* WHAT THE EXERCISE ASKS: Reproduce the listing that follows in full. Omit its images.

*** Opening of INFORMATION PROVIDED ***

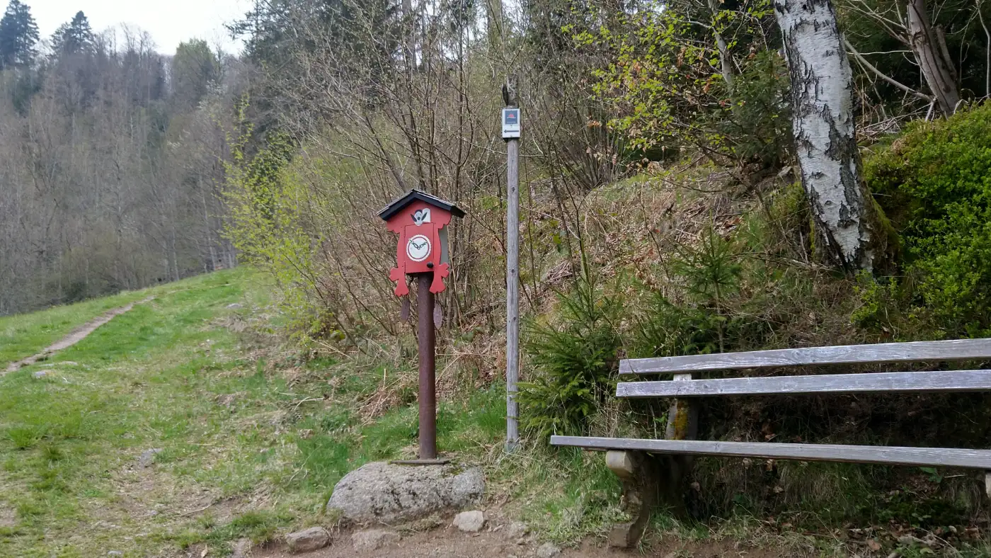 Nun kehren wir auf demselben schmalen Pfad zurück bis zur blauen Raute, deren Markierung wir diesmal bergauf folgen. Auf stetigem Anstieg gelangen wir wieder zum Schlagbaum, unserem bekannten Wegpunkt. Von hier führt uns der Weg hinab zum Ochsenhof und weiter bis zum Weiler Rohrhardsberg. Am Weiler Rohrhardsberg biegen wir rechts ab und folgen dem Uhrenpfad, der uns durch dichte Wälder das Elztal hinaufführt. Entlang des Pfades begleiten uns das Rauschen zahlreicher kleiner Wasserfälle und die kühle Frische des Waldes - ein stimmungsvolles Finale unserer Rundwanderung.Uhrenpfad im Elztal
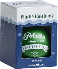 Das etwas andere Mitbringsel: Eine grüne Christbaumkugel gefüllt mit feinster Winter Haselnuss von der Prinz Feinbrennerei - da kann es auch eine zweite Kugel sein. Vielleicht gefüllt mit Alter Marille??
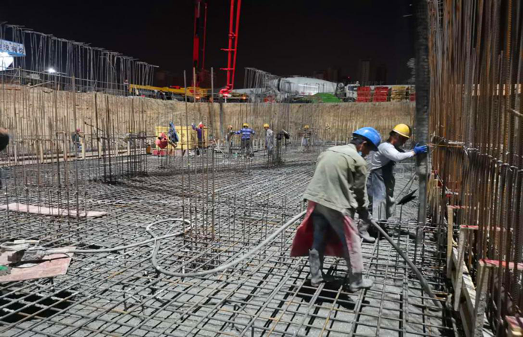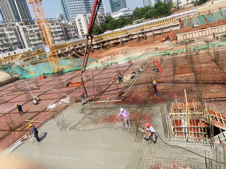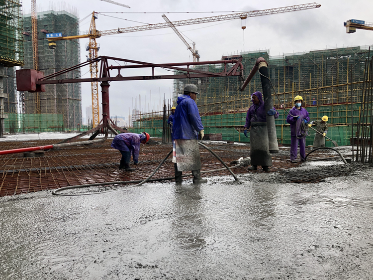 “五一”假期期間,一公司五省八地各項目搶抓黃金施工期,加大機械、人員投入力度,在保證工程質(zhì)量的前提下,加快施工進度。圖為一公司北海吾悅廣場項目五一期間澆筑混凝土。

*** Close of INFORMATION PROVIDED ***

* ANSWER TO THIS EXERCISE:
 Nun kehren wir auf demselben schmalen Pfad zurück bis zur blauen Raute, deren Markierung wir diesmal bergauf folgen. Auf stetigem Anstieg gelangen wir wieder zum Schlagbaum, unserem bekannten Wegpunkt. Von hier führt uns der Weg hinab zum Ochsenhof und weiter bis zum Weiler Rohrhardsberg. Am Weiler Rohrhardsberg biegen wir rechts ab und folgen dem Uhrenpfad, der uns durch dichte Wälder das Elztal hinaufführt. Entlang des Pfades begleiten uns das Rauschen zahlreicher kleiner Wasserfälle und die kühle Frische des Waldes - ein stimmungsvolles Finale unserer Rundwanderung.Uhrenpfad im Elztal
 Das etwas andere Mitbringsel: Eine grüne Christbaumkugel gefüllt mit feinster Winter Haselnuss von der Prinz Feinbrennerei - da kann es auch eine zweite Kugel sein. Vielleicht gefüllt mit Alter Marille??
 “五一”假期期間,一公司五省八地各項目搶抓黃金施工期,加大機械、人員投入力度,在保證工程質(zhì)量的前提下,加快施工進度。圖為一公司北海吾悅廣場項目五一期間澆筑混凝土。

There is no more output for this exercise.